• What this task involves:
Nothing below is to be printed except the lines between the line holding "Aspen's insulating aerogels" and the line holding "Having some fun at the Florida Review!!", inclusive, each exactly as it appears.

• Records for this task:
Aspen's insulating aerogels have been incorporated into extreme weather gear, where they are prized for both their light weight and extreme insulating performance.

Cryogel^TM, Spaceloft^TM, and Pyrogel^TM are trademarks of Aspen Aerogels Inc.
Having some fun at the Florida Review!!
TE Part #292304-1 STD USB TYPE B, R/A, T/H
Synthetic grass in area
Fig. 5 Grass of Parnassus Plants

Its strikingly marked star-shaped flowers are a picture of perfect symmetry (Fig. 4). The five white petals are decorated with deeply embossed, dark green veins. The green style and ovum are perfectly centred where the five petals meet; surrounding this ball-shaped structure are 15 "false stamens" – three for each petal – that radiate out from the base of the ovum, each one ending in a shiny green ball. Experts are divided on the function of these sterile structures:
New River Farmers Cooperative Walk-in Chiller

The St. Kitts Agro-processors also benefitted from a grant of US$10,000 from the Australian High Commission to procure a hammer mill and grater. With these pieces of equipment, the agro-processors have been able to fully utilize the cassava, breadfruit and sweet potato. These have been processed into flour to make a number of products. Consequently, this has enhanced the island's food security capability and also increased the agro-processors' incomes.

---

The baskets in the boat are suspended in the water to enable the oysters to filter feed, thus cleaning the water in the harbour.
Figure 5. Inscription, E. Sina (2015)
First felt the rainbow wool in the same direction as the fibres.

==

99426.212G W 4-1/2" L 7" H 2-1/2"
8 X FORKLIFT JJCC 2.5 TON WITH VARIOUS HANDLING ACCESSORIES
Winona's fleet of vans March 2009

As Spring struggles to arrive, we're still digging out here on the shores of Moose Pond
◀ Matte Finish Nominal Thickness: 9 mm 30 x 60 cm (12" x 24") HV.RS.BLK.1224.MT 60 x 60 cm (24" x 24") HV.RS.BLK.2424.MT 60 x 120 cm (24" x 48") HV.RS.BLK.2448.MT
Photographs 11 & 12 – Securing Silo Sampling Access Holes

• Your response:
Aspen's insulating aerogels have been incorporated into extreme weather gear, where they are prized for both their light weight and extreme insulating performance.

Cryogel^TM, Spaceloft^TM, and Pyrogel^TM are trademarks of Aspen Aerogels Inc.
Having some fun at the Florida Review!!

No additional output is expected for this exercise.